TASK INSTRUCTIONS — Could you repeat the listing below exactly while leaving its pictures behind?

STORED DATA —

********************

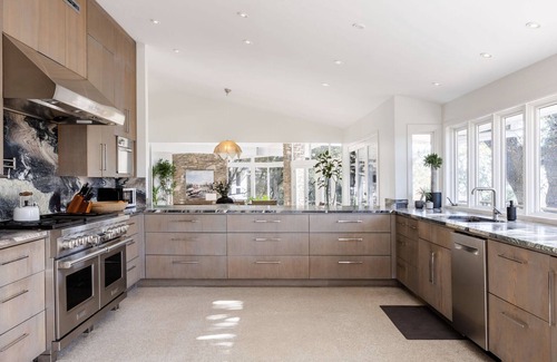 Freshly redesigned by renowned Austin designer with brand new furniture throughout the house! Retreat to Brigadoon, a mid-century resort-style ranch home set on 7 acres in Austin's Westlake Hills with sweeping city and hill views with complete privacy. The iconic Mid-Century Palm Springs inspired design is an ideal backdrop for an indulgent holiday with family or friends, a work retreat, or a family celebration. The property has a stunning private 20 foot pool overlooking the Austin skyline, an outdoor bbq, a fully equipped multi-use surface sports court to play pickleball / basketball and a home gym complete with Peloton bike, Peloton Tread, weights and yoga mats. The house has seamless indoor / outdoor architecture with decking outside all bedrooms allowing guests to enjoy the natural setting. The house comfortably accommodates up to 14 guests (in 5 bedrooms + sleeper sofa in media room) and has 5 bathrooms + 2 half bathrooms. Only a 20 minute drive to Austin's legendary music venues, restaurants and nightlife and in close proximity to Lake Austin & Lake Travis, the Hill Country and any number of parks and watering holes. We invite you to share in good company, and stay a while with Renters Club.
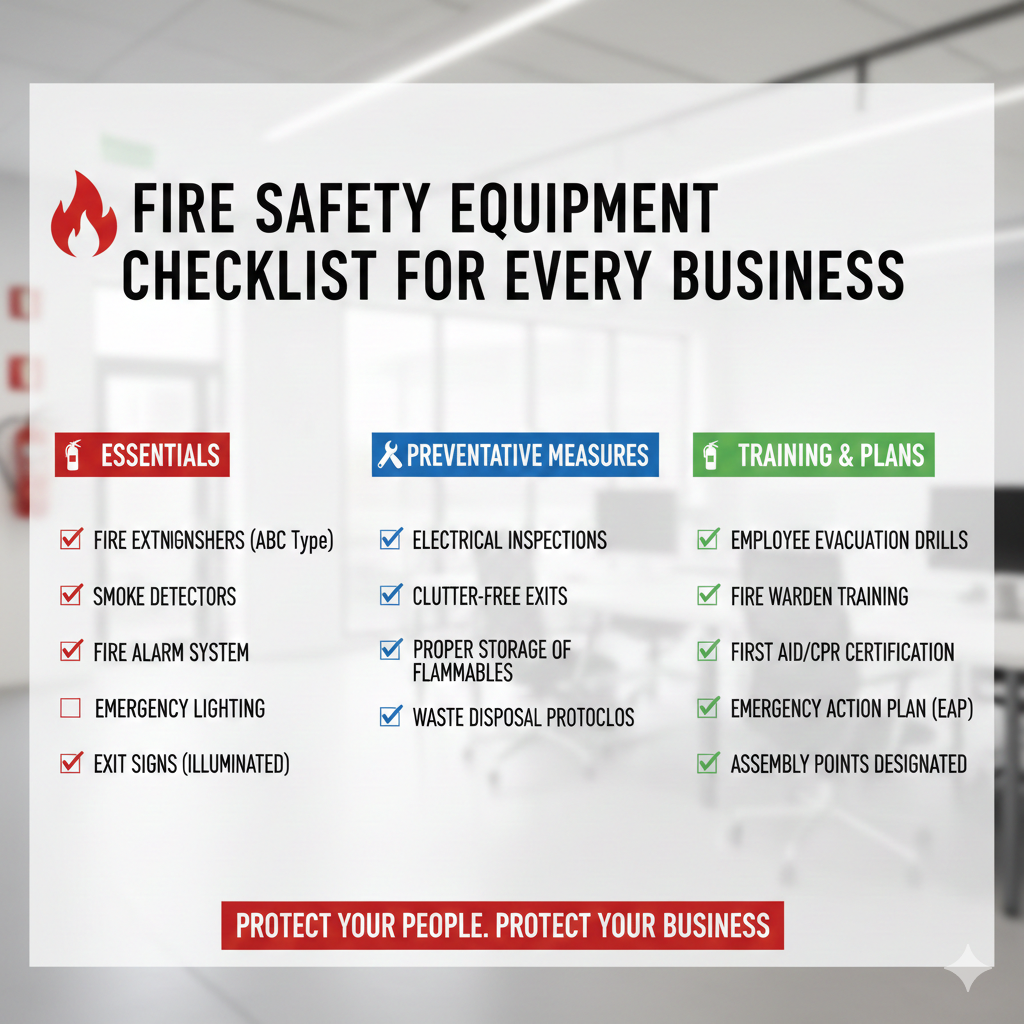 Ensuring the safety of your employees, customers, and assets should be a top priority for every business owner. Fire incidents can occur without warning, and the consequences can be devastating. One of the most effective ways to prevent major losses is by having proper fire safety equipment in place. This guide provides a detailed checklist of essential fire safety equipment for every business, helping you create a safer workplace and comply with local safety regulations.
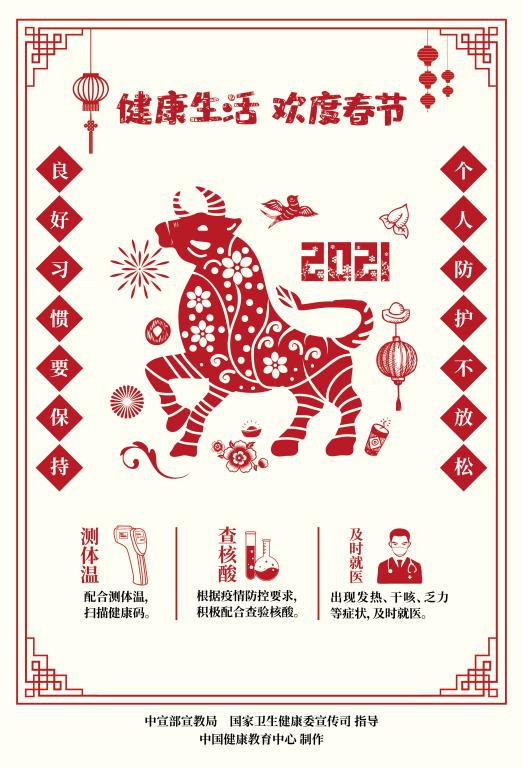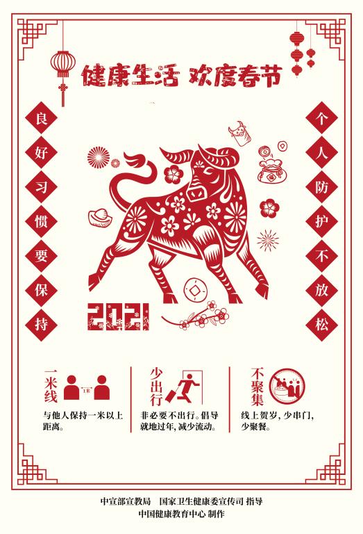 為做好春節期間疫情防控健康教育和健康科普工作,中宣部宣教局、國家衛生健康委宣傳司聯合制作發布了疫情防控知識宣傳海報,請各院系各部門轉發本單位師生醫護員工學習掌握,請相關部門和院系據此做好橫幅和版面的制作與使用。
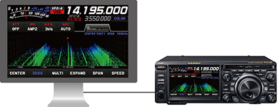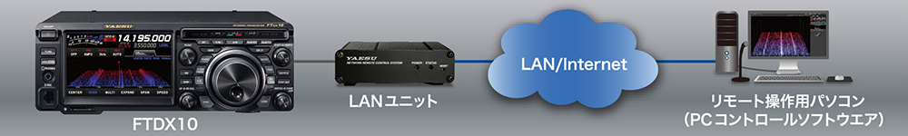 FTDX10にLANユニット(別売:SCU-LAN10)を繋いでLANやインターネットに接続することで、遠隔地からトランシーバーのリモート運用を行うことができるPCリモートコントロールシステム。リモート運用ではトランシーバーの基本操作の他、多彩なスコープ表示に対応しており快適な運用ができます。遠隔地からのリモート運用以外にも家庭内LANに接続してシャックから離れた場所からバンドの状況を大型ディスプレイに映し出してモニターすることが可能になります。

********************

WRITTEN ANSWER —
 Freshly redesigned by renowned Austin designer with brand new furniture throughout the house! Retreat to Brigadoon, a mid-century resort-style ranch home set on 7 acres in Austin's Westlake Hills with sweeping city and hill views with complete privacy. The iconic Mid-Century Palm Springs inspired design is an ideal backdrop for an indulgent holiday with family or friends, a work retreat, or a family celebration. The property has a stunning private 20 foot pool overlooking the Austin skyline, an outdoor bbq, a fully equipped multi-use surface sports court to play pickleball / basketball and a home gym complete with Peloton bike, Peloton Tread, weights and yoga mats. The house has seamless indoor / outdoor architecture with decking outside all bedrooms allowing guests to enjoy the natural setting. The house comfortably accommodates up to 14 guests (in 5 bedrooms + sleeper sofa in media room) and has 5 bathrooms + 2 half bathrooms. Only a 20 minute drive to Austin's legendary music venues, restaurants and nightlife and in close proximity to Lake Austin & Lake Travis, the Hill Country and any number of parks and watering holes. We invite you to share in good company, and stay a while with Renters Club.
 Ensuring the safety of your employees, customers, and assets should be a top priority for every business owner. Fire incidents can occur without warning, and the consequences can be devastating. One of the most effective ways to prevent major losses is by having proper fire safety equipment in place. This guide provides a detailed checklist of essential fire safety equipment for every business, helping you create a safer workplace and comply with local safety regulations.
 為做好春節期間疫情防控健康教育和健康科普工作,中宣部宣教局、國家衛生健康委宣傳司聯合制作發布了疫情防控知識宣傳海報,請各院系各部門轉發本單位師生醫護員工學習掌握,請相關部門和院系據此做好橫幅和版面的制作與使用。
 FTDX10にLANユニット(別売:SCU-LAN10)を繋いでLANやインターネットに接続することで、遠隔地からトランシーバーのリモート運用を行うことができるPCリモートコントロールシステム。リモート運用ではトランシーバーの基本操作の他、多彩なスコープ表示に対応しており快適な運用ができます。遠隔地からのリモート運用以外にも家庭内LANに接続してシャックから離れた場所からバンドの状況を大型ディスプレイに映し出してモニターすることが可能になります。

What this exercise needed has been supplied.